During a tour of Western State Hospital, the committee members learned that hospital staff do not take the elevators to prevent them from wearing out. Although the elevators are routinely inspected and are deemed safe, the majority were built in the 1955 and are well past their 20-25 year life spans.
Since CMS is no longer providing oversight and regulation for Western State Hospital, DSHS has worked to ensure proper oversight and regulation is provided. DSHS has expanded the Governing Board and external monitoring and auditing are still taking place absent CMS’s oversight.
In order to regain federal certification, DSHS has to correct all the deficiencies at Western State Hospital that were identified in CMS’s report. Then DSHS can begin the re-certification process with CMS, which includes two full surveys of the facility.
There must be a year between the two surveys.
Ken Taylor, the Assistant Secretary of the Behavioral Health Administration at DSHS, explained the process and next steps to the committee.
“In order for us to become certified we work from the list that’s in the most recent report from CMS. We have to verify to CMS’s approval that we have corrected all those deficiencies that were identified. They decide, of course, whether or not we’ve done that. We then submit an application. Then, they begin a process to basically validate whether or not we should become a member and have a provider number once again.

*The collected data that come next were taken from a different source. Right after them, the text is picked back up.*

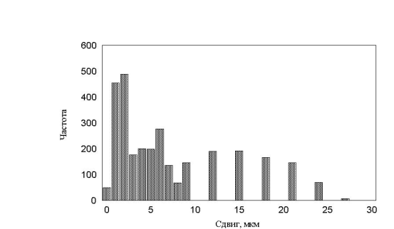 рис. 10 Траектория движения клетки. Вычисляются квадраты расстояния gik , т. е. между i-тым и k-тым положениями клетки. Для каждой заданной разници n = k – i усредняются вдоль траектории все квадраты gik . При исследовании движения популяции клеток было обнаружено, что нейтрофилы, выделенные из одной и той же пробы, движутся с различными скоростями. Этот факт может объясняться многими причинами, главные из которых, по видимому, является возраст клеток, но мы не будем подробно изучать зависимость клеток от возраста. Экспериментатор, условно разделил клетки на медленные, средние и быстрые. Количество таких клеток в популяции составляет 15 : 30 : 55. При моделировании популяции мы исходим из этого соотношения. Программа генерировала случайное количество быстрых, средних и медленных «клеток», в среднем дающих экспериментальное соотношение. При моделировании клеток в популяции, экспериментальный шаг (шаг за единицу времени) случаен. Распределение этих шагов, задается распределением, показанным на рис. 11 .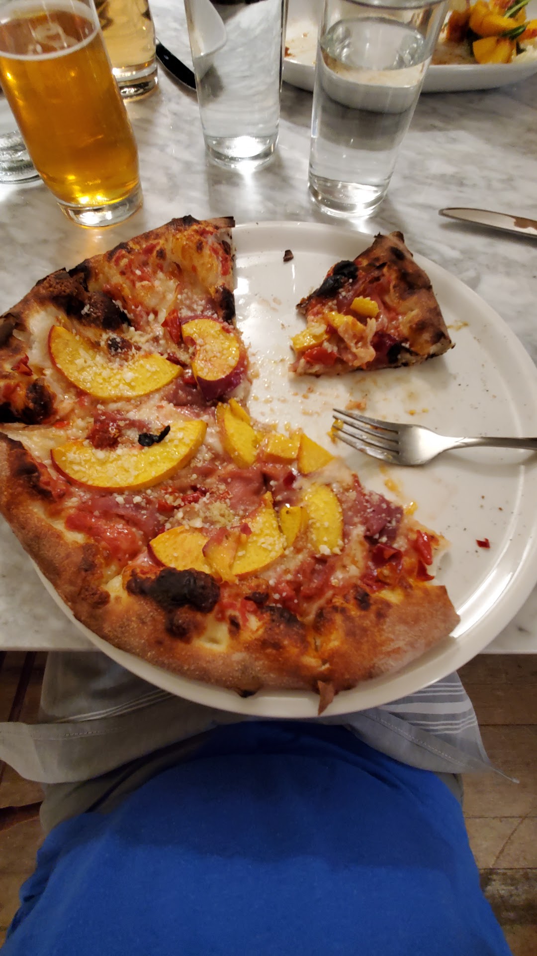 The pizza itself was super rich and thick and I believe we were only able to eat maybe one piece each. I think I remember eating two pieces and then being in a food coma. Now this is not a negative or a bashing it's just this is not your run-of-the-mill pizza it's very high quality ingredients and the dough is obviously freshly made. We were very happy with our food we just wish we were able to eat it all. We lugged pieces of pizza with us to our other lodgings and even after hammering away at it for a few days we weren't able to finish the whole pizza.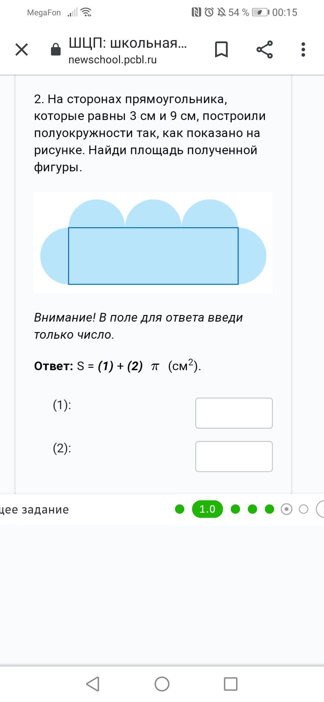 Блин, вчера ночью в потьмах я задание не правильно понял. )) Там полукруги к прямоугольнику прилепили, а я их внутрь вписал. Извини, там формулы те-же, но цифры другие будут.

So, they will come out, they will do a site visit once they’ve agreed we have corrected all of the deficiencies. They will conduct a full survey of all 26 Conditions of Participation. Assuming that we successfully pass that, about a one-year time frame will pass, and they will come back and do a second full survey to make certain that we are still in compliance and only after the second full survey is completed will we once again be a provider…
“A lot of the timing will be determined by which of the various buildings that you saw this morning we can bring to current levels of code. Once we know that, we can make the necessary repairs or improvements to those buildings. But only after we’ve completed those steps can we really begin the application process…
“We’re working with our consultants now to determine which of the many buildings that you saw might be the ones that would be most logical to bring forward to CMS for certification. We don’t know that but we’re working to determine that right now. Nor do we know the cost associated with whatever repairs or upgrades need to be made. So, there’s a variety of options that are on the table. We could in theory be talking about certifying the entire hospital, we could in theory be talking about certifying certain wards in the hospital, certain segments in the hospital. There’s a number of different ways we might chose to approach this, really based I think largely on the economics, so we’ll see about that. When you have 58 buildings I believe that are 80 years of age or older, it presents some enormous challenges.”
Taylor said it might not be possible or economically feasible to get all buildings up to code. There is also no clear timeline for how long it will take to Western State Hospital to become re-certified.
“The issue is we need to know whether it’s worth investing the money in the facility. That’s really the bottom line,” said Representative Eileen Cody.